I also felt that we should finally pay for what we had done, and due to that, I wanted to step up and solidify Bakugou's words. Keyword being 'wanted'. I wanted to stand up and shout at the top of my lungs that we were the ones to blame, all of us; however, Izuku had spoken to me about this prior to his capture.

He was prepared for a situation parallel to this one. He was prepared with backup plans among backup plans. He was prepared for every case scenario. He was prepared for even the most random of possibilities, so he was prepared for one of us to attempt a confession — one that would bring all three of us to our knees.

Deny.

Deny.

Deny.

Izuku knew that Izumi would never feel even the slightest hint of remorse for what we had done, so he knew that she would never confess to any of the harassment and torture we had put him through. He also knew that I would never say anything — seeing as I was a part of the League now, and if I were to confess to what we had done, then I would no longer be of use to him, and I would become a liability. That would only lead to my early death.

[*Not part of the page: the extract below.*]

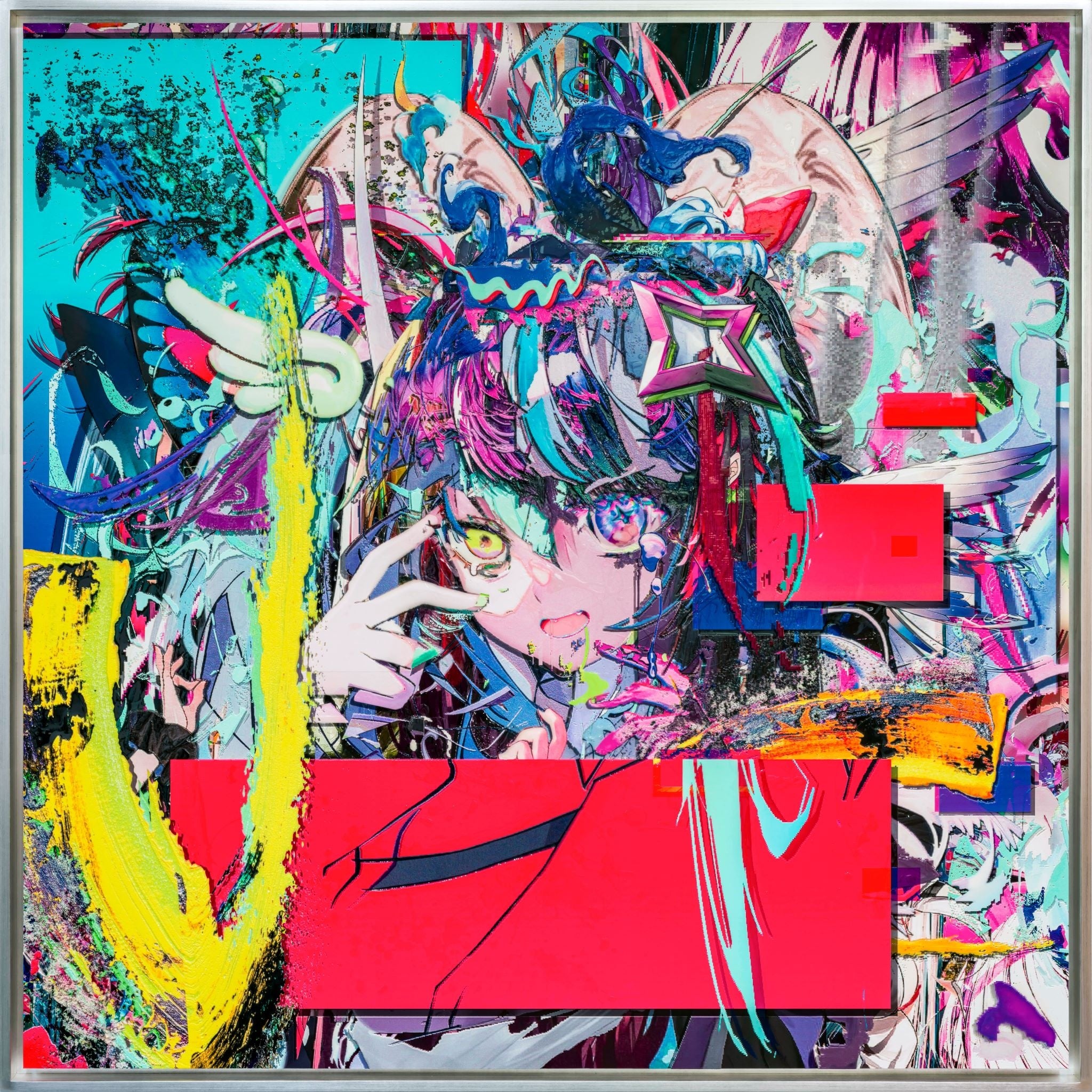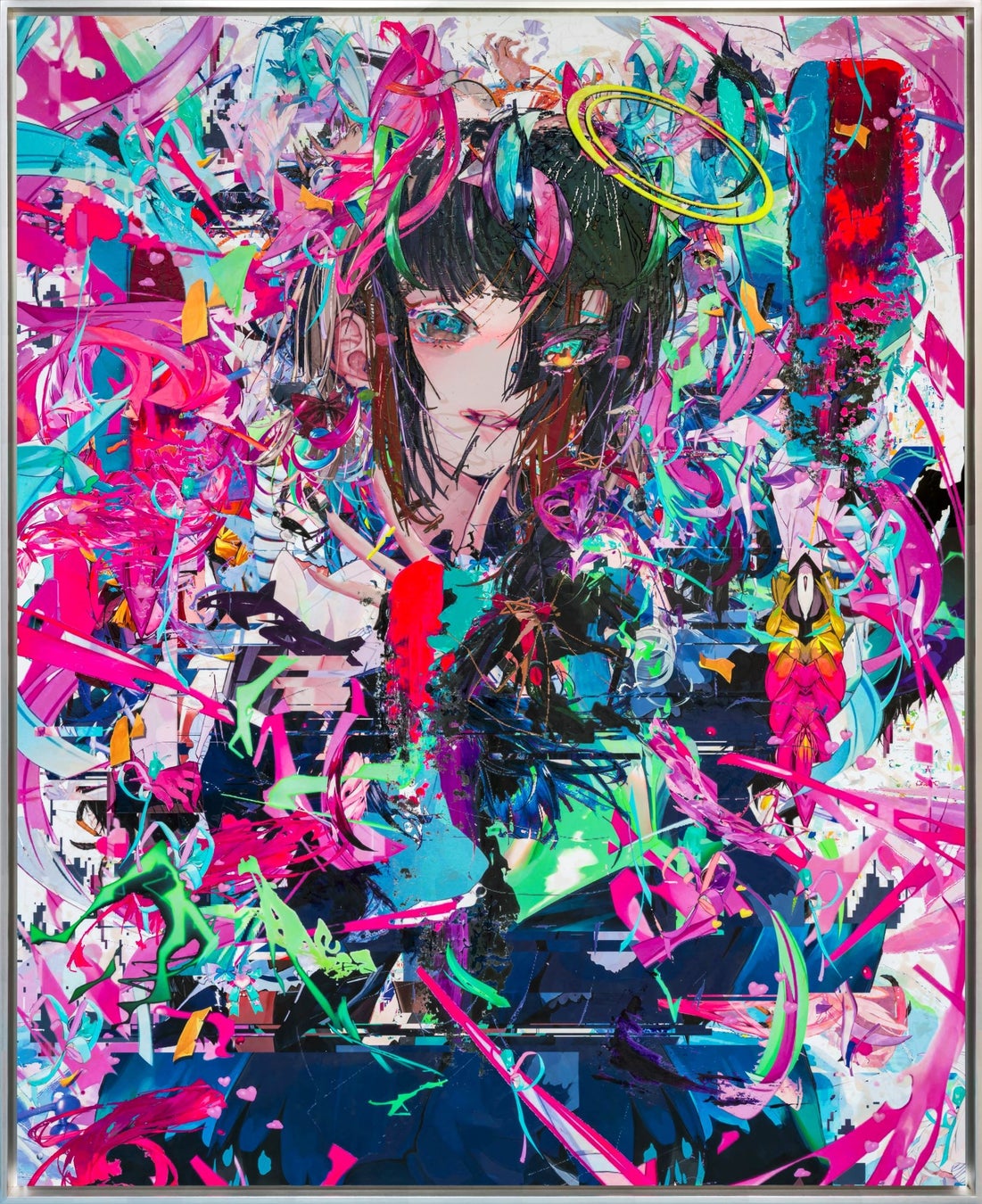 私が物質としての作品を作り続けているのも同じことが言える。データのみで成立しうるアート作品は改めて説明するまでもなくさまざまな選択肢とともに存在している。しかし、物質としての支持体と絵具、粒子との絡み合いを捨てきれずにいる自分がいる。物質としての身体に縛られているとも言える。同時に、印刷物として存在する前、粒子や顔料に変換される前の細かなピクセルのひとつひとつも捨てきれずにいる。その両方を捨てずに作品として具現化するため、データで画像を作り印刷して加筆するという手段を用いている。暫定的な手段として扱ってきたつもりだが、StareReapはその暫定的な手段としては十分過ぎるほどの強度を持つ技術だと思う。物質と仮想の電子の光、両方の表現を繋ぐメディウムとして心強い。そこにはディスプレイ上で制作した画像と、自らの手による加筆が反映されている。一見平面に見えるようで、非常に細かな立体感があり、増え続け消費され続けてきたキャラクター達のゴーストが、物質として別の形で現出したかと錯覚するようだ。

Considering neither Izumi nor I would ever take responsibility for our crimes, Izuku knew that the only person left was Bakugou.

Izuku told me that if Bakugou ever tried confessing for what we had done — using all of our names — I was to deny everything. No matter what it took to weasel my way out of whatever situation I was in, I was instructed to lie. I was instructed not to get captured by the NPD, nor the heroes, and seeing that we were already stuck in a situation where my vote is deciding, I knew what I had to do.